-- What you will do --
The line with "De softclose deuren" starts the range, and the last line of the listing ends it. Retype that range exactly, without pictures.

-- Source material --
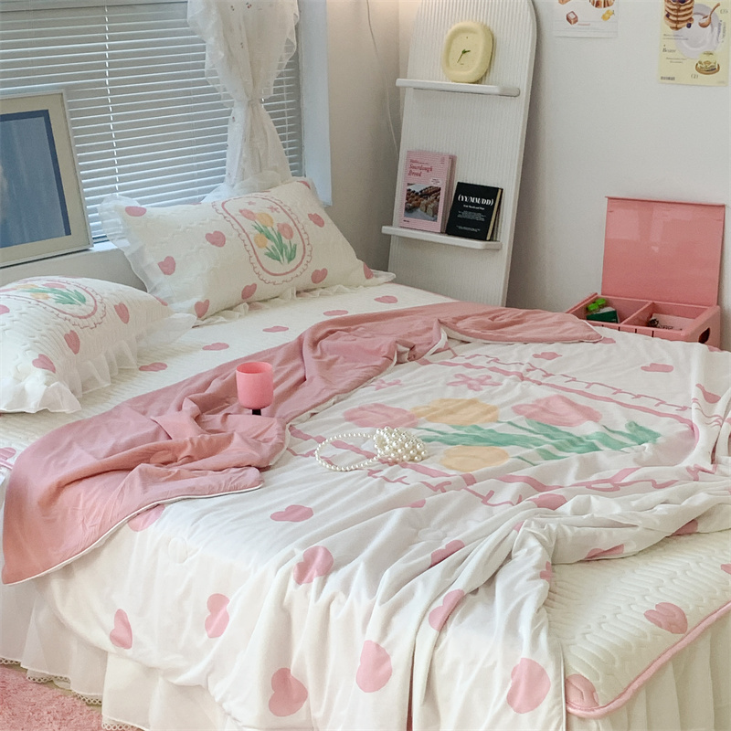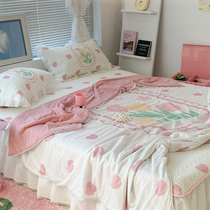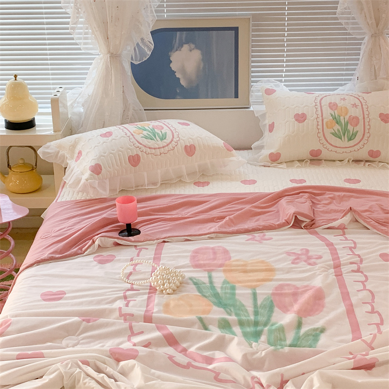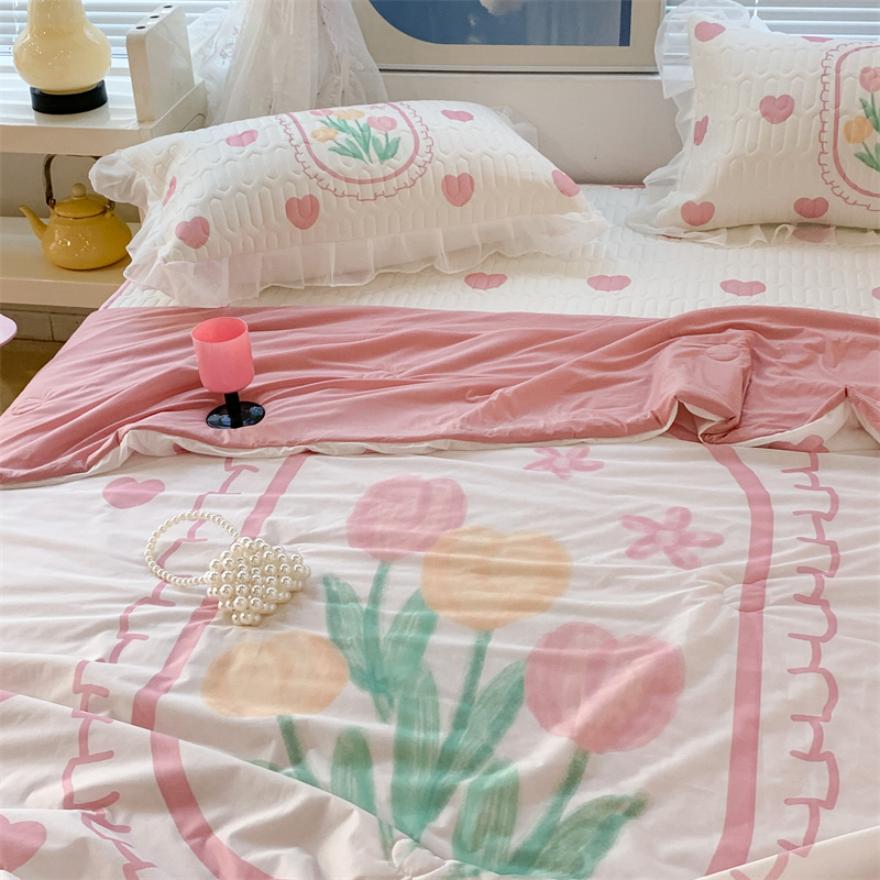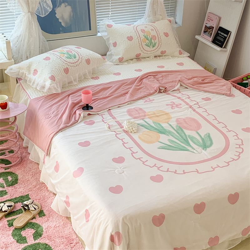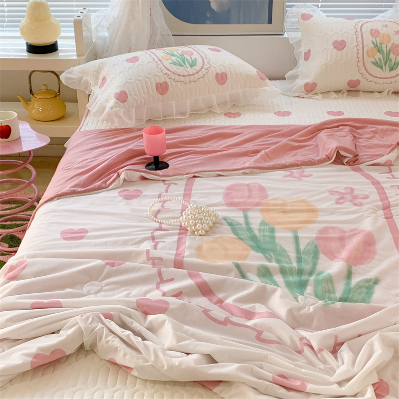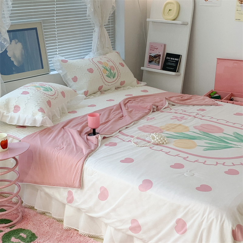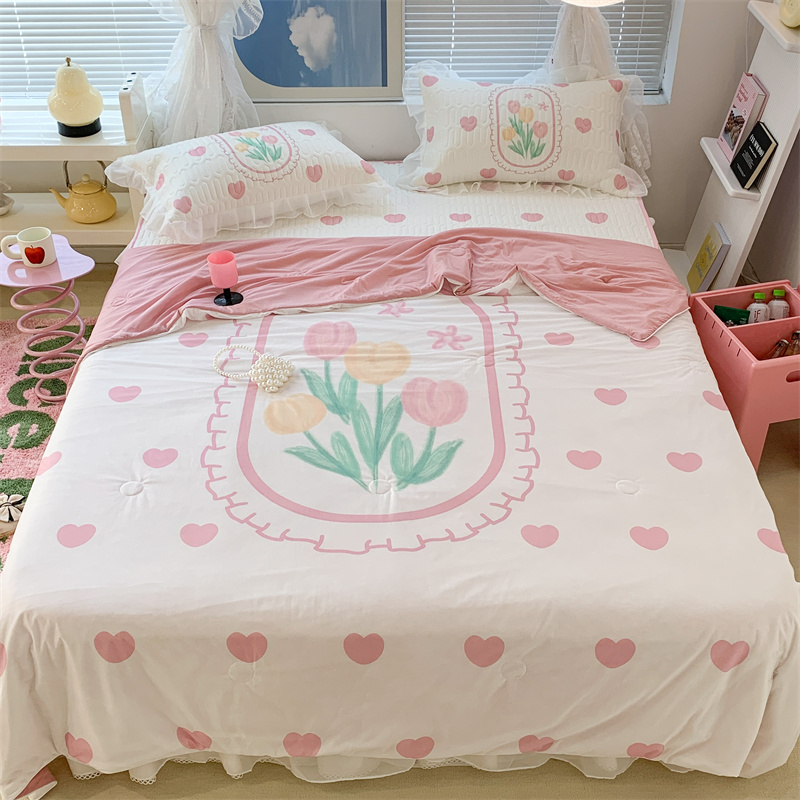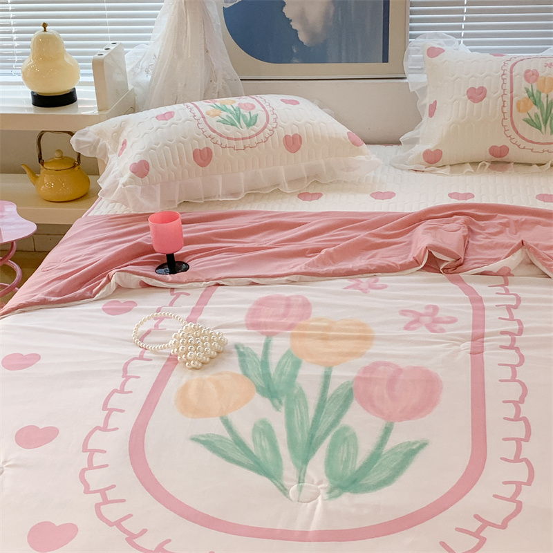 商品名称:昔可 大版数码印花凉感夏被 粉爱心郁金香
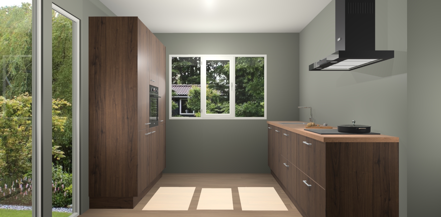 De softclose deuren openen en sluiten is ook heel eenvoudig - geniet van een moeiteloze keukenervaring, zelfs als er kinderen rondlopen. Voor extra gemak bij het plaatsen van uw bestelling bieden we ook een upgrade naar een kookplaat met geïntegreerde afzuiging.
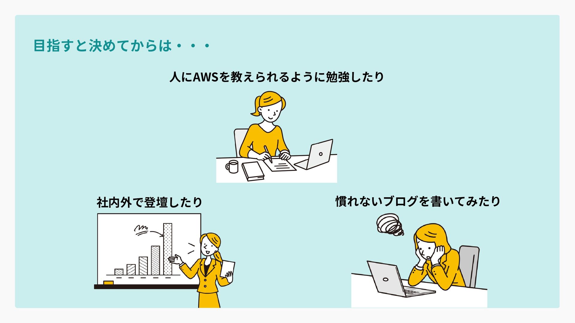 目指すと決めてからは・・・ 社内外で登壇したり 慣れないブログを書いてみたり 人にAWSを教えられるように勉強したり

-- Written response --
 De softclose deuren openen en sluiten is ook heel eenvoudig - geniet van een moeiteloze keukenervaring, zelfs als er kinderen rondlopen. Voor extra gemak bij het plaatsen van uw bestelling bieden we ook een upgrade naar een kookplaat met geïntegreerde afzuiging.
 目指すと決めてからは・・・ 社内外で登壇したり 慣れないブログを書いてみたり 人にAWSを教えられるように勉強したり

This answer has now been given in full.